Milwaukee Brewers – No. 7
- Infielder
- Born: July 26, 2000 (age 26) Toronto, Ontario, Canada
- Bats: LeftThrows: Right

MLB debut
- April 30, 2024, for the Milwaukee Brewers

MLB statistics (through 2026 season)
- Batting average: .250
- Home runs: 0
- Runs batted in: 10
- Stats at Baseball Reference

Teams
- Milwaukee Brewers (2024–present);

= Tyler Black (baseball) =

Canadian baseball player (born 2000)

Tyler Alexander Black (born July 26, 2000) is a Canadian professional baseball infielder for the Milwaukee Brewers of Major League Baseball (MLB). He played college baseball for the Wright State Raiders and made his MLB debut in 2024.

==Amateur career==
Black grew up in Toronto and attended St. Andrew's College in Aurora, Ontario. He went undrafted out of high school and enrolled at Wright State University to play college baseball.

As a freshman at Wright State in 2019, Black was named the Horizon League Freshman of the Year and first team All-Conference after batting .353 with seven home runs, 41 RBIs, and 23 total extra base hits.
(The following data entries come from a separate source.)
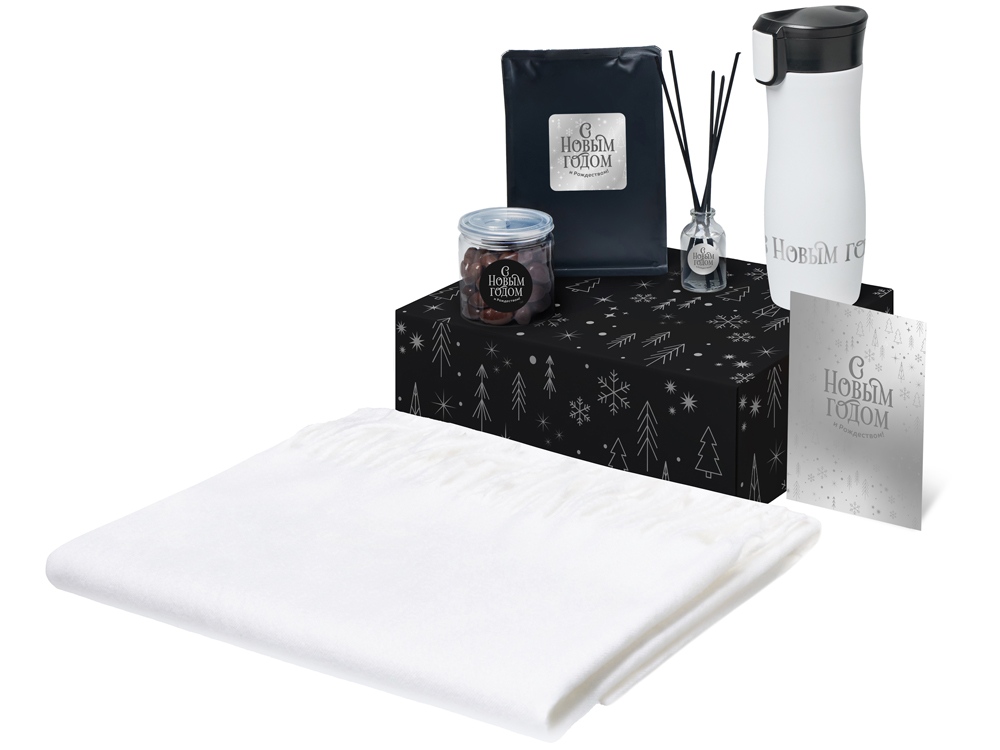 Материал: палантин - 100% полиэстер, термокружка - нержавеющая сталь, открытка - бумага, мешок - нетканый материал (спанбонд)
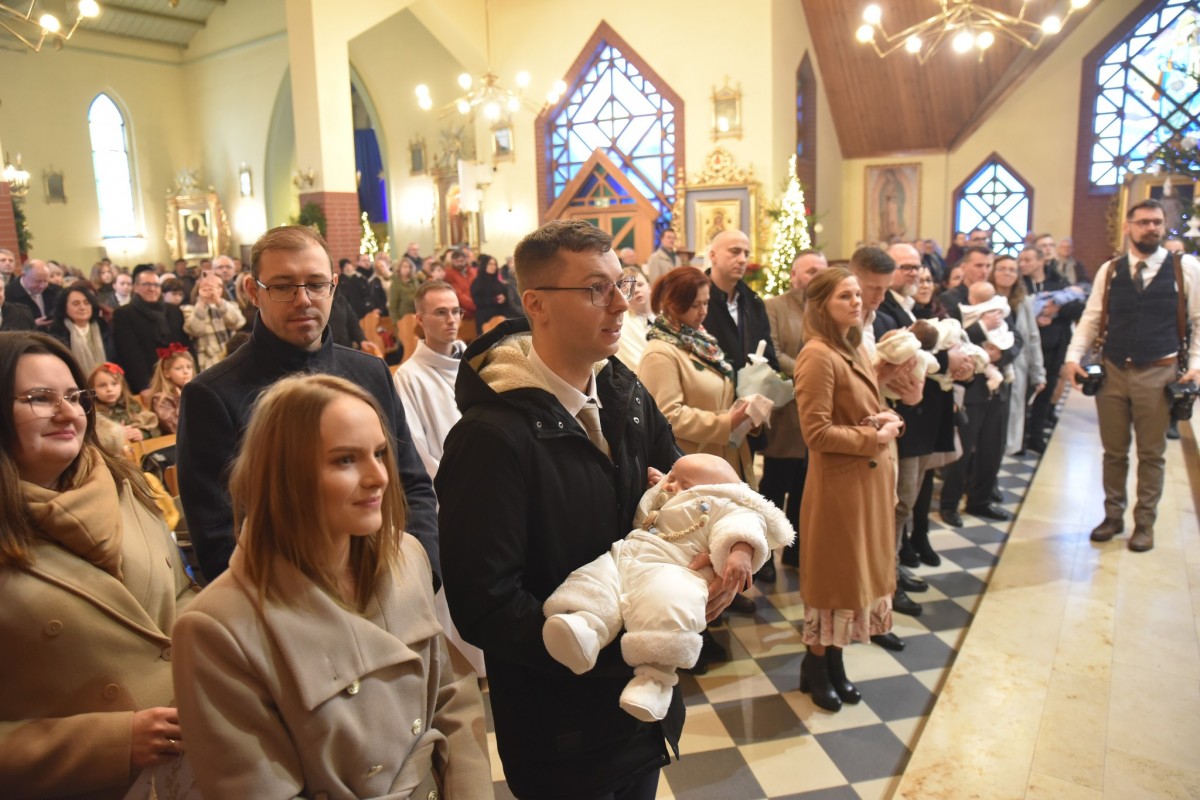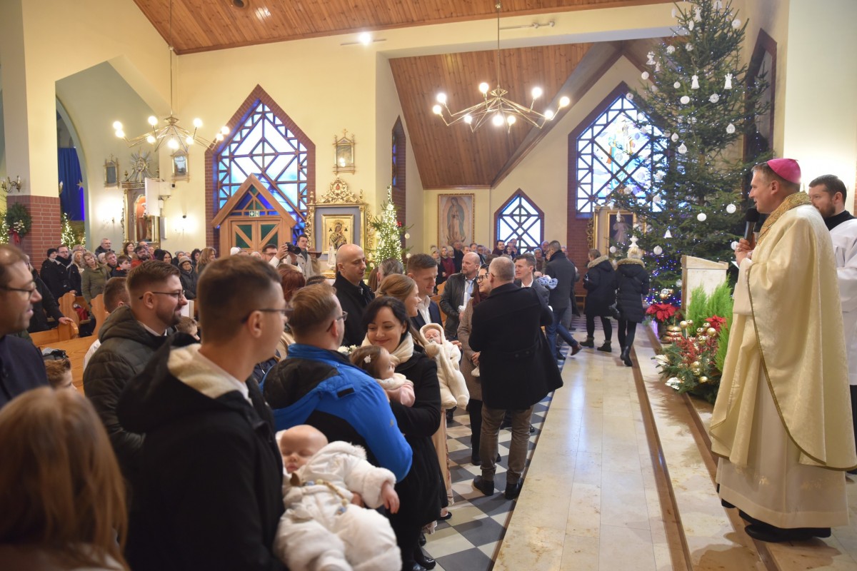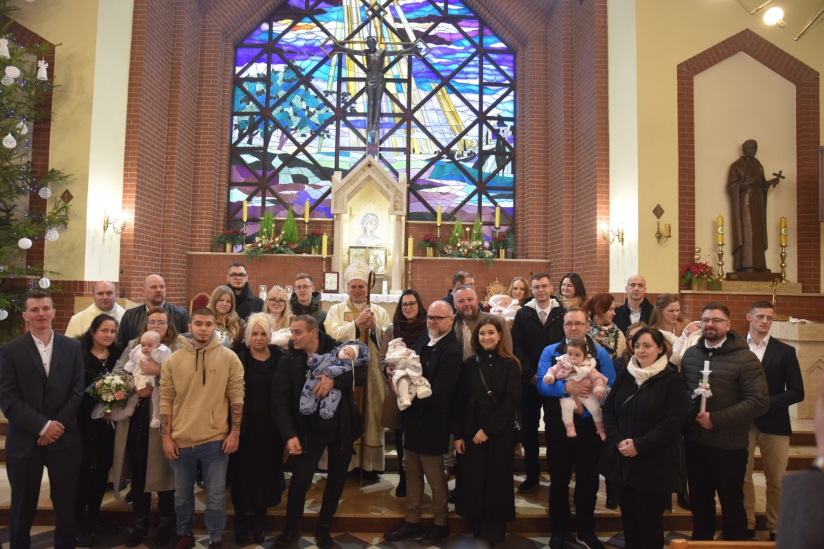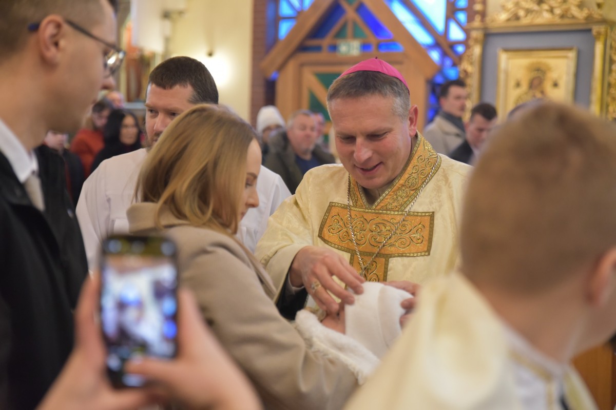 W niedzielę Chrztu Pańskiego, 11 stycznia, gościliśmy w naszej parafii ks. bpa Piotra Przyborka. Podczas uroczystej Eucharystii Ksiądz Biskup poświęcił nową chrzcielnicę, a następnie udzielił sakramentu chrztu świętego siedmiorgu dzieciom.
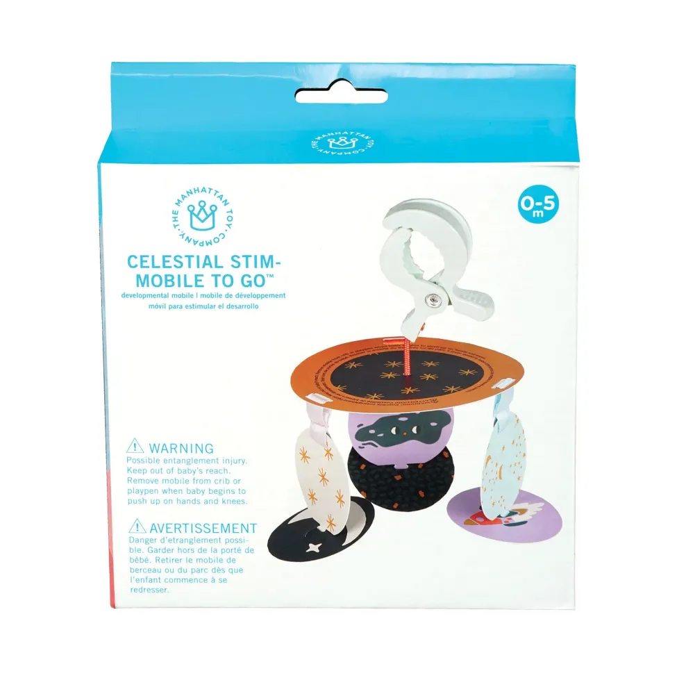 This unique travel mobile is a celestial take on our award-winning Wimmer-Ferguson Infant Stim-Mobile To Go. Space-themed graphics cover this compact travel mobile that easily attaches to strollers, carriers, and more. Features three reversible cards that promote visual development.
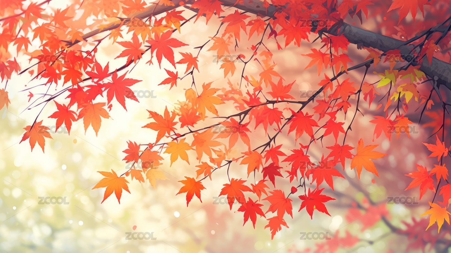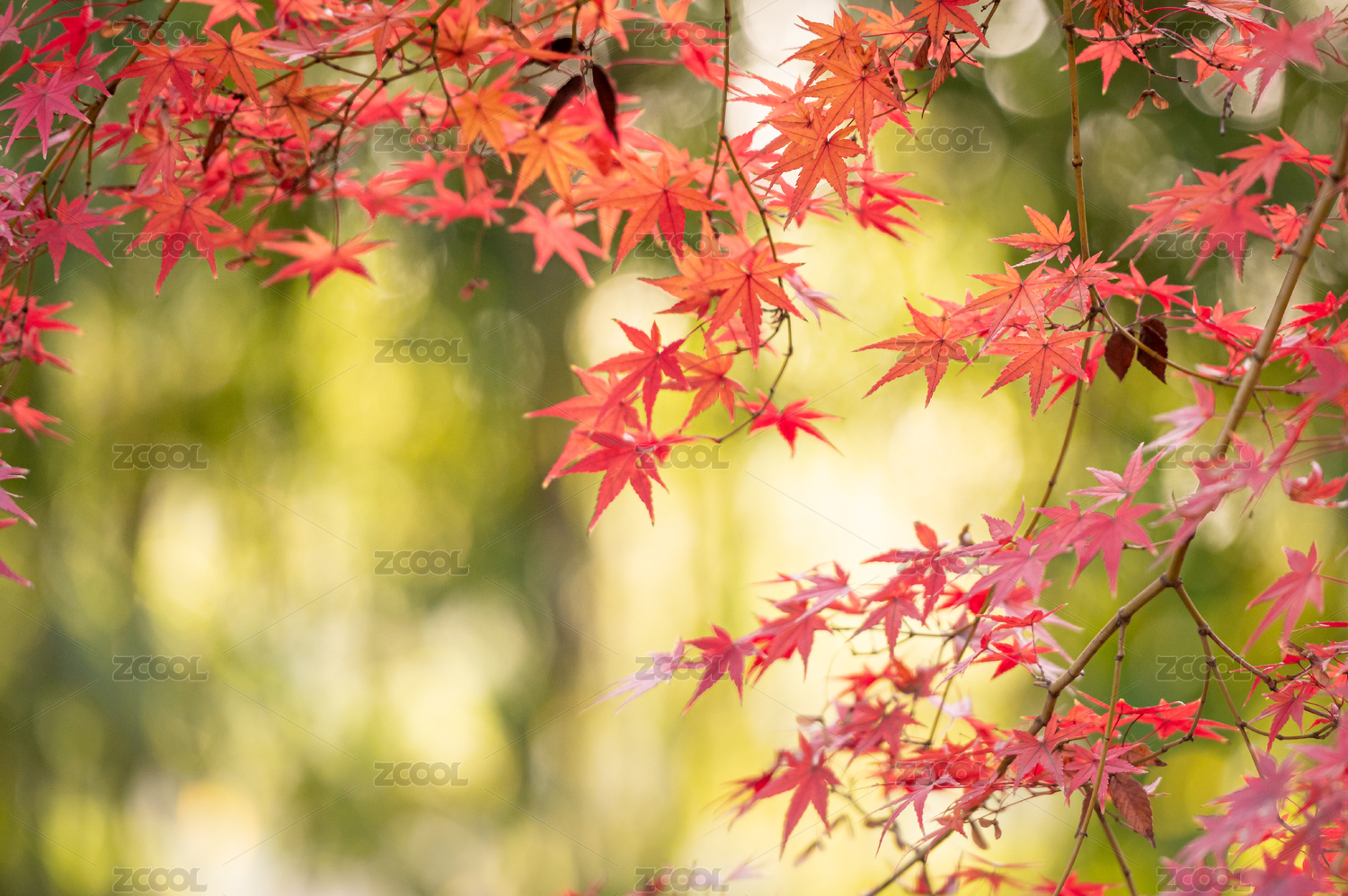 红色枫叶秋日树枝图
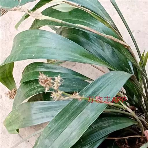 根状茎匍匐,粗壮,木质。秆侧生,高20-80厘米,粗1-3毫米,三棱形,幼时或多或少被短柔毛,基部具淡褐色无叶的鞘。叶基生和秆生;基生叶数枚丛生,长于或短于杆,狭椭圆形、椭圆形、椭圆状披针形、椭圆状倒披针形至椭圆状带形,长10一35厘米,宽2-5厘米,基部渐狭,顶端渐尖,两面光滑或下面粗糙,有3条隆起的脉及多数细脉,有时具隔节;叶柄由不甚明显至长达30厘米,稍扁而对折,无毛,有时具叶基下延所形成的狭翅;秆生叶退化呈佛焰苞状,生于秆的下部或中部以下,褐色 纸质,无毛。苞片与秆生叶同型,但顶端具线形苞叶,通常短于支花序。圆锥花序复出,具3至数枚支花序;支花序圆锥状,轮廓为三角状卵形,长2-3.5厘米,宽1.5-3厘米,单生或双生;支花序柄坚挺,三棱形,长4-8厘米,密被短柔毛;支花序轴锐三棱形,密被短柔毛和褐色斑点;小苞片鳞片状,披针形,长4-5毫米,褐白色有深褐色斑点,无毛或基部疏生短柔毛。小穗10余个至20余个,全部从囊状、内无花的支先出叶中生出,开展,两性,雄雌顺序,长圆状圆柱形,长5-14毫米;雄花部分的轮廓为线状披针形,短于雌花部分,少有二者近等长,具少数雄花;雌花部分具2-7朵花。雄花鳞片卵状披针形,长3-3.5毫米,膜质,淡褐色;雌花鳞片卵形,长2-2.5毫米,顶端渐尖,膜质,中间黄绿色,有褐色斑点,具3条脉,两侧褐色,幼时边缘疏生纤毛。果囊椭圆形,三棱形,长3-4毫米,纸质,淡黄绿色,密生褐色斑点腹面具2侧脉,无毛,基部几无柄,顶端渐渐收缩成中等长的喙,喙稍短于果囊的1/2喙口微凹。小坚果椭圆形,三棱形,长1.5-2.2毫米,成熟时褐色;花柱基部不增粗或微增粗,柱头3个。花果期5-11月。
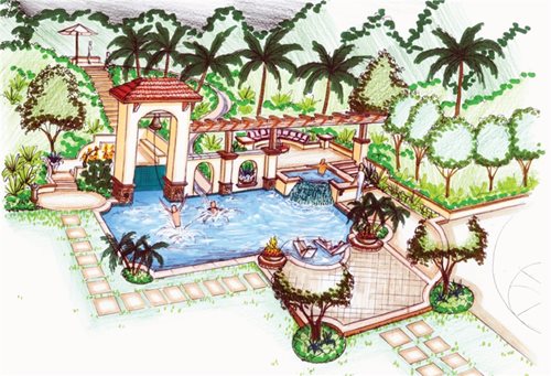 A perspective drawing of the pool and surrounding landscape.
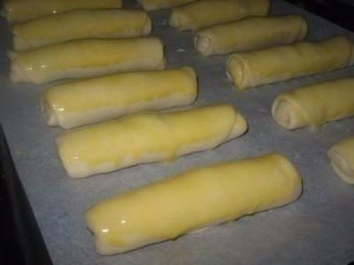 Аккуратно заворачиваем, формируя нашу "Сигару", выкладываем на противень швом вниз.
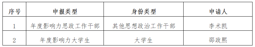 根据湖南省教育厅《关于开展湖南省高校思政工作年度影响力人物推选活动的通知》,伟德官网组织开展了湖南省高校思政工作年度影响力人物项目申报工作,共有一人申报年度影响力思政课教师,三人申报年度影响力思政工作干部,一人申报年度影响力大学生。经专家评审,落实《通知》中“坚持培优选优,宁缺毋滥”的原则,拟推荐李术凯申报年度影响力思政工作干部,邵政熙申报年度影响力大学生。现将拟推荐人选情况公示如下:
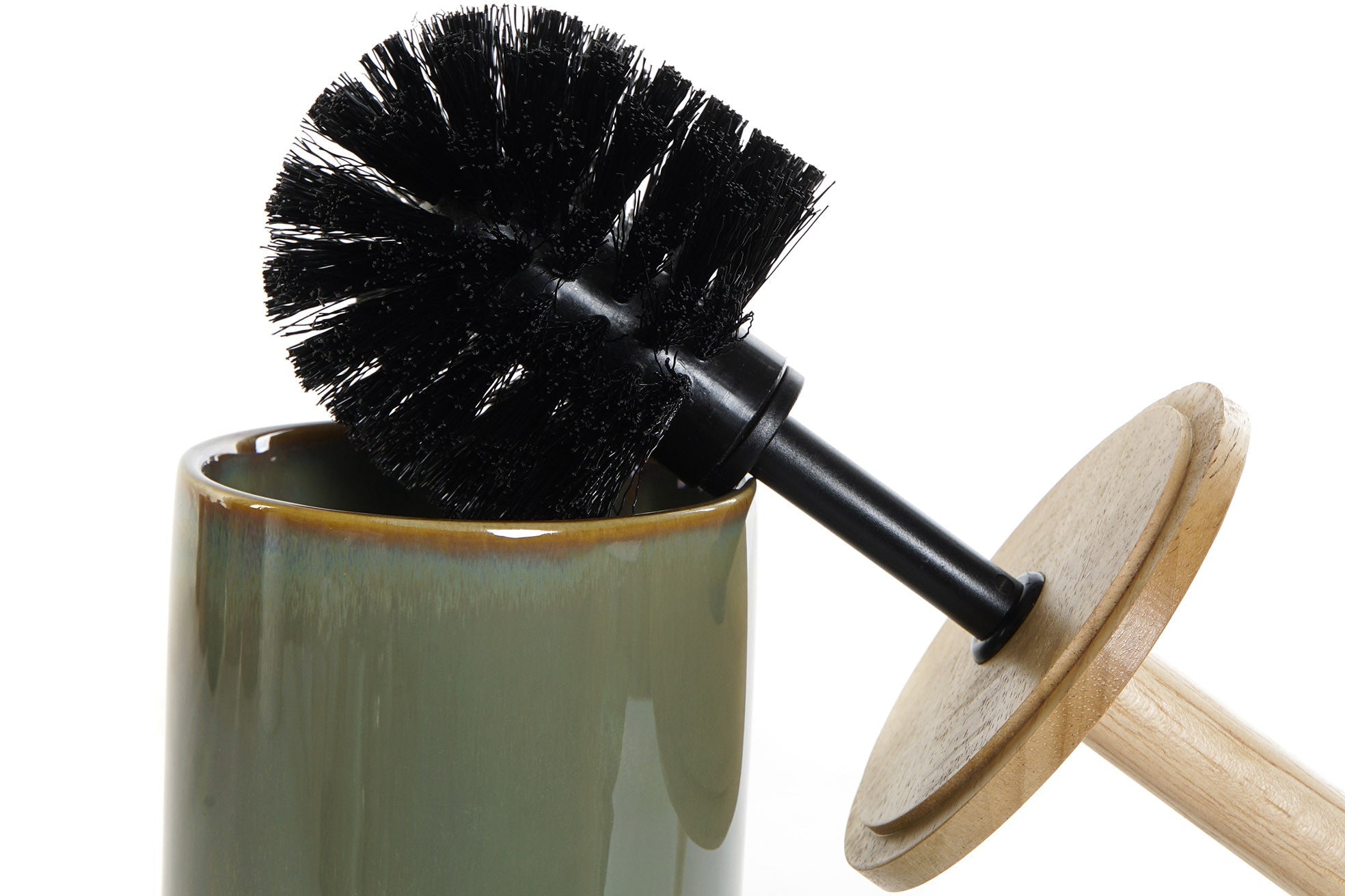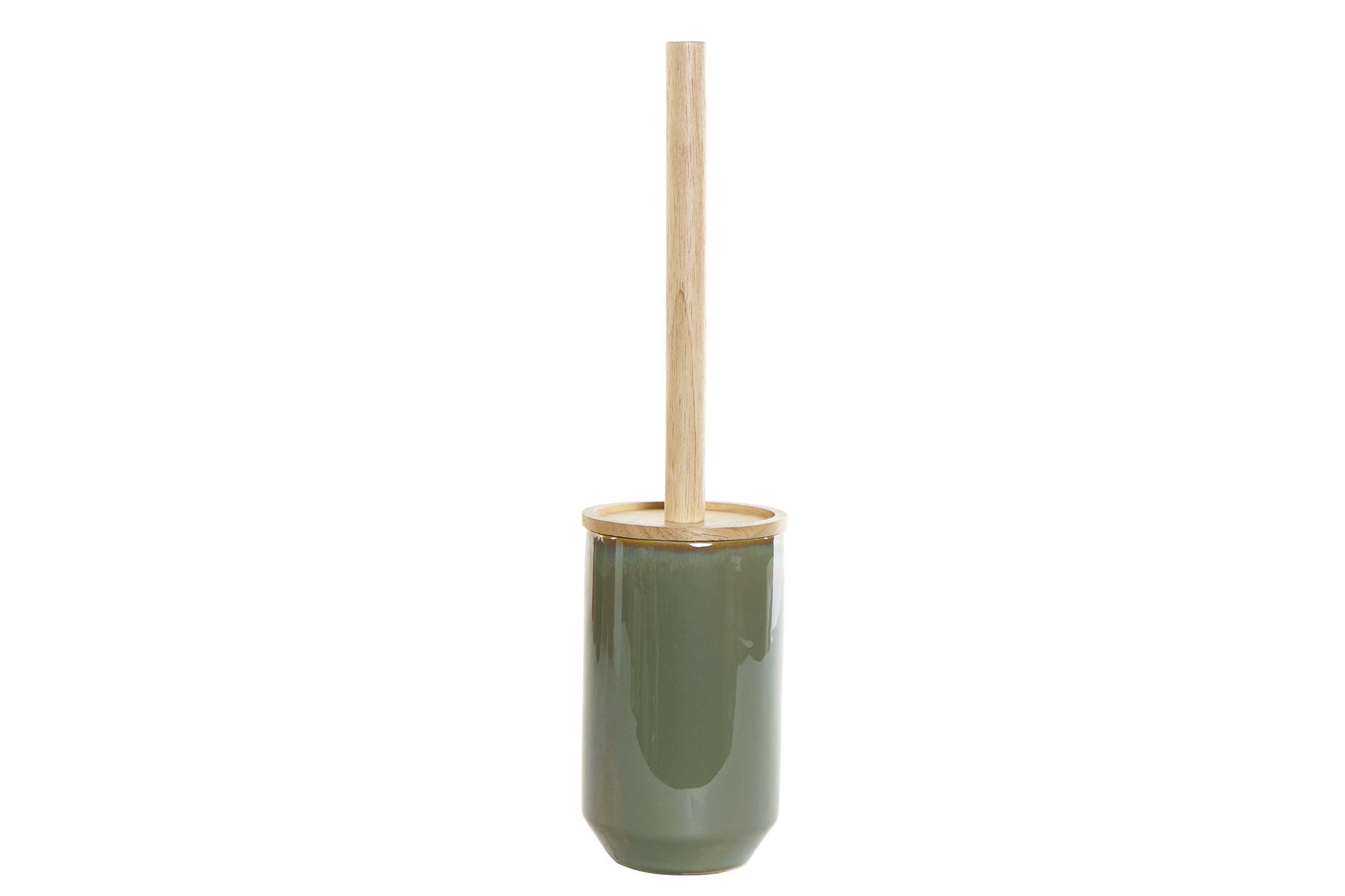 Estupendo escobillero fabricado en gres color verde y bambú color natural.
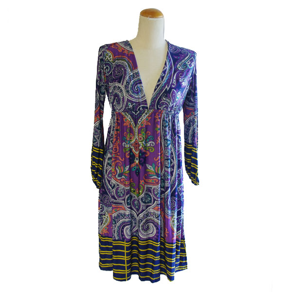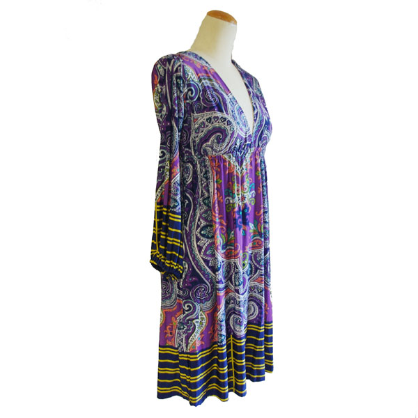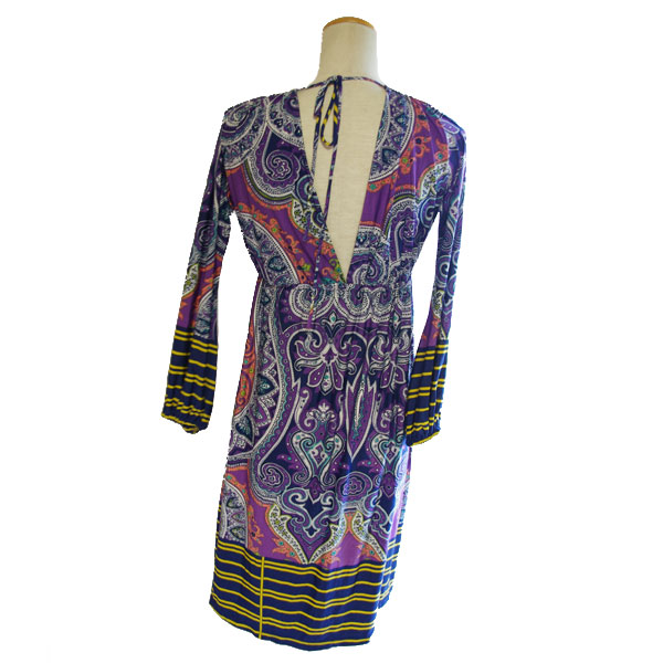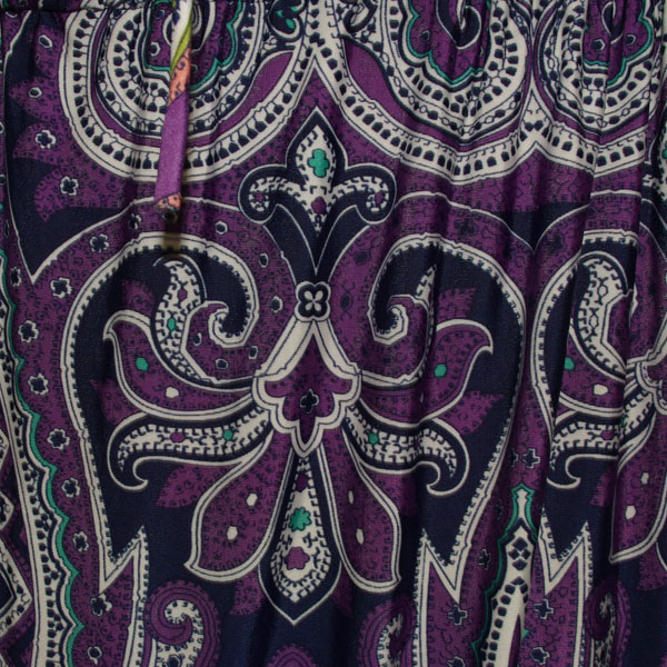 前も後ろも深いVネックです。パープルベースのペイズリー柄です。

He batted .239 in 13 games during his sophomore season in 2020 before it was cut short due to the coronavirus pandemic. As a redshirt sophomore in 2021, Black hit .383 with 13 home runs, 59 RBIs, and a .495 on-base percentage. Black was also named first team All-Horizon League.

==Professional career==
The Milwaukee Brewers chose Black with the 33rd overall selection of the 2021 Major League Baseball draft. He signed with the Brewers for a $2.2 million signing bonus. Black made his professional debut with Rookie-level Arizona Complex League Brewers and was promoted to the Carolina Mudcats of the Low-A East during the season. Over 26 games between the two teams, he slashed .241/.426/.322 with one home run, eight RBIs, 31 strikeouts and 26 walks over 87 at bats.

He opened the 2022 season with the Wisconsin Timber Rattlers of the High-A Midwest League. In 64 games for the team, Black batted .281/.406/.424 with four home runs, 35 RBI, and 13 stolen bases. He split the 2023 campaign between the Double–A Biloxi Shuckers and Triple–A Nashville Sounds, accumulating a .284/.417/.513 batting line with career–highs in home runs (18), RBI (73), and stolen bases (55) across 123 games.

Black began the 2024 season with the Triple–A Nashville Sounds, hitting .303/.393/.525 with five home runs and 18 RBI across 25 games. On April 30, 2024, Black was selected to the 40-man roster and promoted to the major leagues for the first time. In 18 appearances for the Brewers during his rookie campaign, he batted .204/.316/.245 with two RBI and three stolen bases.

Black was optioned to Triple-A Nashville to begin the 2025 season. On March 28, 2025, it was announced that Black would miss six-to-eight weeks after suffering a fractured right hamate bone. He made five appearances for Milwaukee during the regular season, going 2-for-8 (.250) with one RBI and five walks.

Black was again optioned to Triple-A Nashville to begin the 2026 season.

==Personal life==
Black is the son of sports announcer Rod Black.